Google Wallet NFC payment service officially launched
The so-called future of mobile payments was unleashed on Monday evening, with Google finally taking the wraps off the Google Wallet project. After extensive testing, the service will now be trialled in the US, mainly in New York and San Francisco. Currently the only people who can test the service are users of the Nexus S 4G on the Sprint Network in the US.
Motorola to take another stab at tabletsphere with 7-inch slate
Following the Motorola Xoom Android Honeycomb device which never quite lived up to the initial promise, Motorola is preparing for another crack at toppling the iPad, this time with a 7-inch form factor. Judging by leaked pictures, the device is thinner, boasts curved edges and Android Honeycomb.

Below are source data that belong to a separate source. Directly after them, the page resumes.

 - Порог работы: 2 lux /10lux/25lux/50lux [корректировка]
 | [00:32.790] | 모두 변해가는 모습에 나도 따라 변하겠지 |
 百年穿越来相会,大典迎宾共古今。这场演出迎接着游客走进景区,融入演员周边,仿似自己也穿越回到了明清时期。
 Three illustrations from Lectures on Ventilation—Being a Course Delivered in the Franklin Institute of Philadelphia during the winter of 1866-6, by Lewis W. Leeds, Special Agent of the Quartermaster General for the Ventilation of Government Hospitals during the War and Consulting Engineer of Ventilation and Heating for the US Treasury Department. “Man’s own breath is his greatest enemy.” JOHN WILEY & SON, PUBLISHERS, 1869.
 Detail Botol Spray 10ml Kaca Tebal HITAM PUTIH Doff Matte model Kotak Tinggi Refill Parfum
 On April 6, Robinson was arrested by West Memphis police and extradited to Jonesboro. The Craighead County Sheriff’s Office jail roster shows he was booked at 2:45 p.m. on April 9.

Facebook movie and music apps to be unveiled at f8
The long-awaited integrated entertainment applications for Facebook may be unveiled at the f8 conference which begins on Thursday. Reports claim that apps that allows users to watch movies and TV shows, listen to music and read newspapers without leaving Facebook.com could be on the way. Activity is set to be highlighted in a new entertainment news feed. Big changes afoot.

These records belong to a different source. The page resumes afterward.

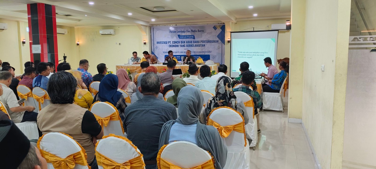 Beberapa peserta lainnya juga menyampaikan kekhawatiran bahwa diskusi publik tersebut justru berpotensi menimbulkan kesalahpahaman. Mereka menilai forum ini tidak memiliki standar representasi yang memadai sehingga tidak layak dijadikan rujukan untuk mengukur sikap masyarakat Barru terhadap PT. Conch.
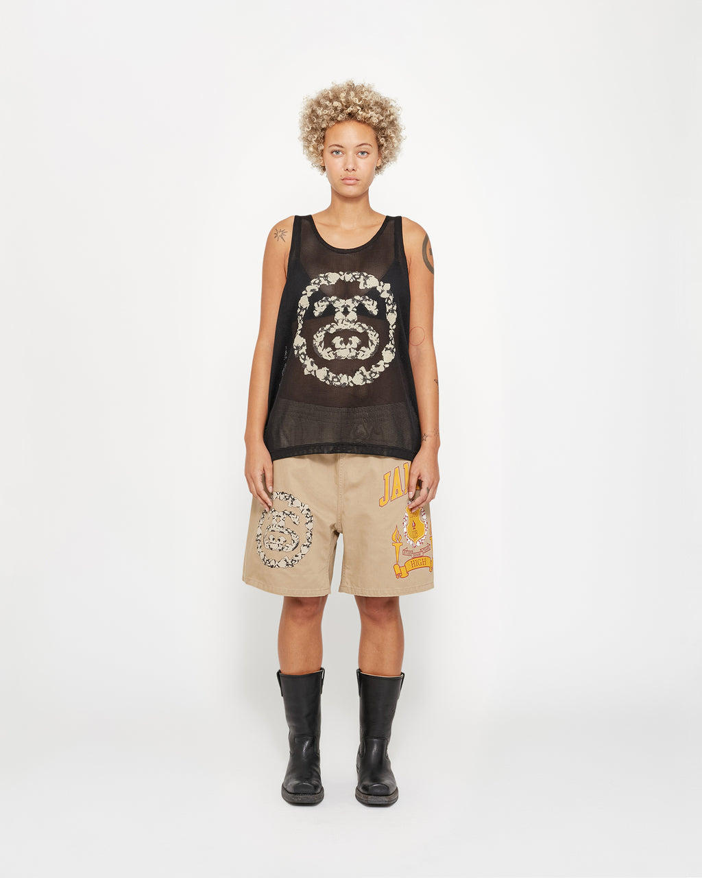 The Stüssy x Denim Tears Mesh Tank combines streetwear edge with thoughtful design. Crafted from breathable mesh fabric, this tank offers lightweight comfort and enhanced airflow, ideal for warm weather or layering. Its collaboration branding reflects a fusion of cultural storytelling and contemporary style, making it a standout piece for collectors and fashion enthusiasts alike. Perfect for those seeking both function and statement in their wardrobe.
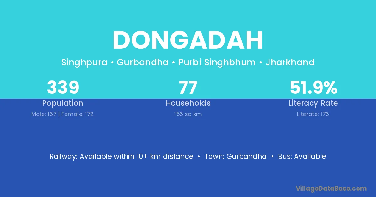 Dongadah village is located in the Gurbandha Subdivision of the Purbi Singhbhum district in Jharkhand .
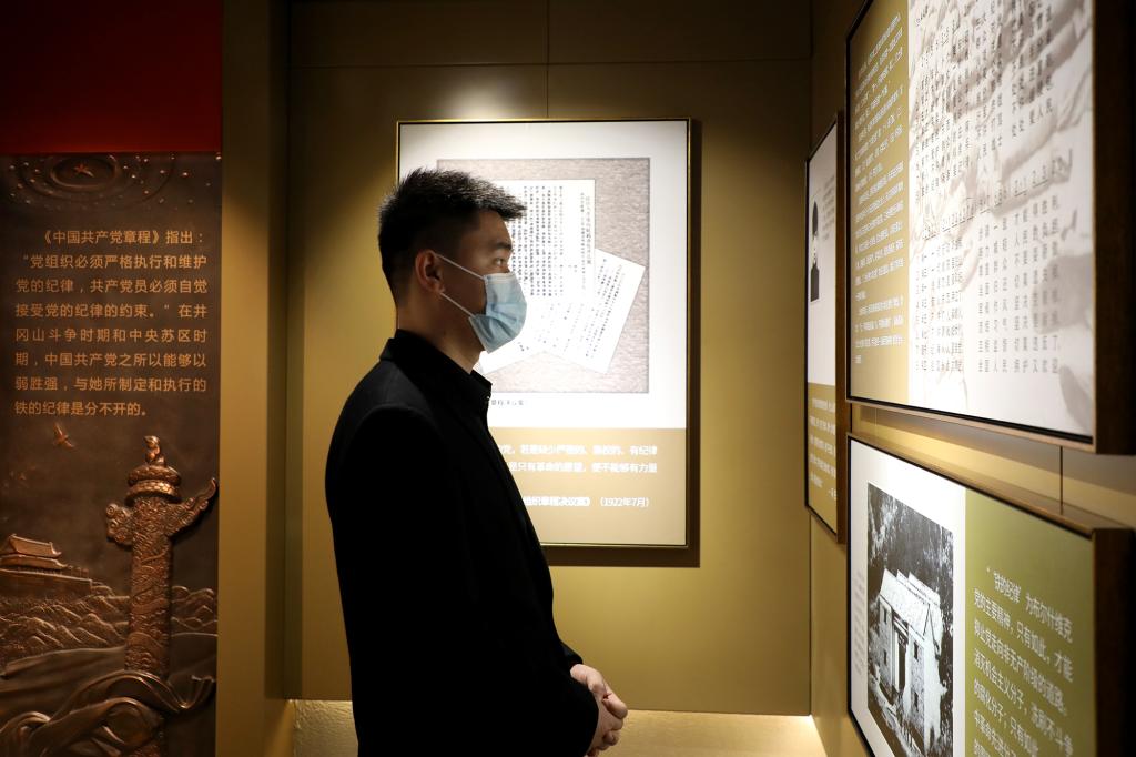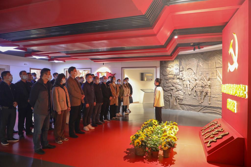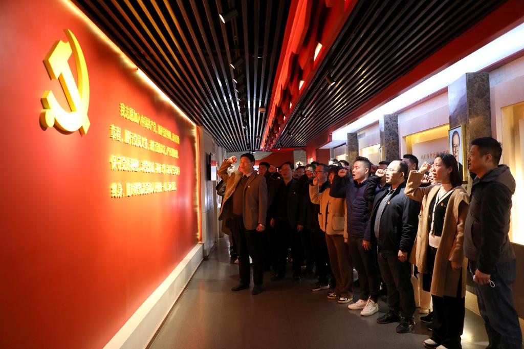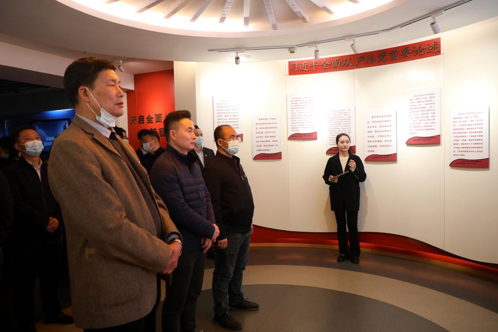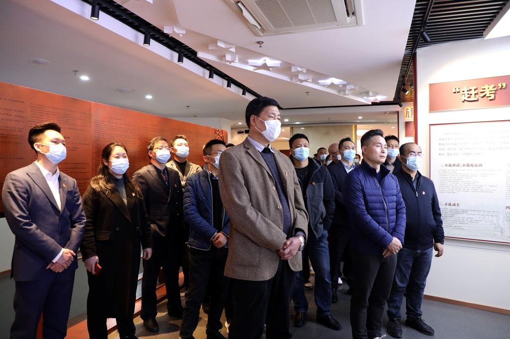 在解说员的引导下,我校党员干部先后参观了红色基因教育和党纪教育两大展厅。其中,红色基因教育展区以正面教育为主,分为“红色基因的孕育”和“红色基因的传承”两部分。党纪教育展区主题为“光耀‘赶考’路”,分别由“旗帜篇”“纪律篇”“先锋篇”“警钟篇”四个部分组成。大家通过聆听讲解、观看图文介绍、沉浸式欣赏影音资料等方式,系统了解党中央1949年“进京赶考”的光辉历史和我省红色基因从孕育到传承的光荣历史,全面回顾党的纪律建设史上的大事件和我省推动全面从严治党向纵深发展的生动实践。一个个触目惊心的反面典型案例,让大家更加深刻体会到把纪律建设摆在更加突出位置的重要性,更加深刻领悟到加强自我管理、增强自律意识的必要性。最后,在夏拥华副书记的带领下,大家在教育馆内的宣誓墙前,重温入党誓词。大家精神昂扬、铿锵有力的齐声宣读誓词,彰显不忘初心牢记使命,永葆对党忠诚的决心。
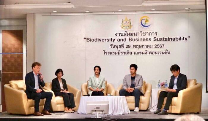 นอกจากนี้ในช่วงบ่าย ยังมีเวทีเสวนาเรื่อง “การดำเนินงานด้านความหลากหลายทางชีวภาพขององค์กรสู่การพัฒนาอย่างยั่งยืน” (Biodiversity and Business Operation Towards Sustainable Development)” โดยได้รับเกียรติจาก 1) Dr.Naoki Adachi, Director of Japan Business Initiative for Biodiversity (JBIB) – VDO presentation 2) Mr. Stefan Hörmann, Head of Business and Biodiversity, GNF 3) คุณสุธาวัลย์ จิตรธรรม ผู้ช่วยผู้อำนวยการสำนักบริหารความยั่งยืน ธรรมาภิบาลและสื่อสารองค์กร บริษัท เครือเจริญโภคภัณฑ์ จำกัด 4) คุณพินทุ์สุดา เปี่ยมปิติ ผู้จัดการส่วนกิจกรรมองค์กรและสังคม บริษัท ผลิตไฟฟ้า จำกัด (มหาชน) 5) คุณอานุภาพ คำทอง ผู้เชี่ยวชาญด้านการพัฒนาอย่างยั่งยืน บริษัท สิงห์ เอสเตท จำกัด (มหาชน) และดำเนินการเสวนาโดย ดร.เพชร มโนปวิตร นักวิทยาศาสตร์ ด้านการอนุรักษ์

Amazon App Store reportedly in the UK
It could finally be here. Amazon's alternative to the Android Market, which offers a host of top apps at free and discounted prices, has been rolled out in the UK, according to reports. Multiple users have reported that the service is now working in Blighty, Australia and India, so go ahead and fill your boots.
At last, Android recognises English as spoken by those who invented it
Google's Voice Actions functionality, which allows Android users to control their Android device now recognises The Queen's English. Speaking in our British English accents has confuddled the service, which only likes the American bastardisation of the English language.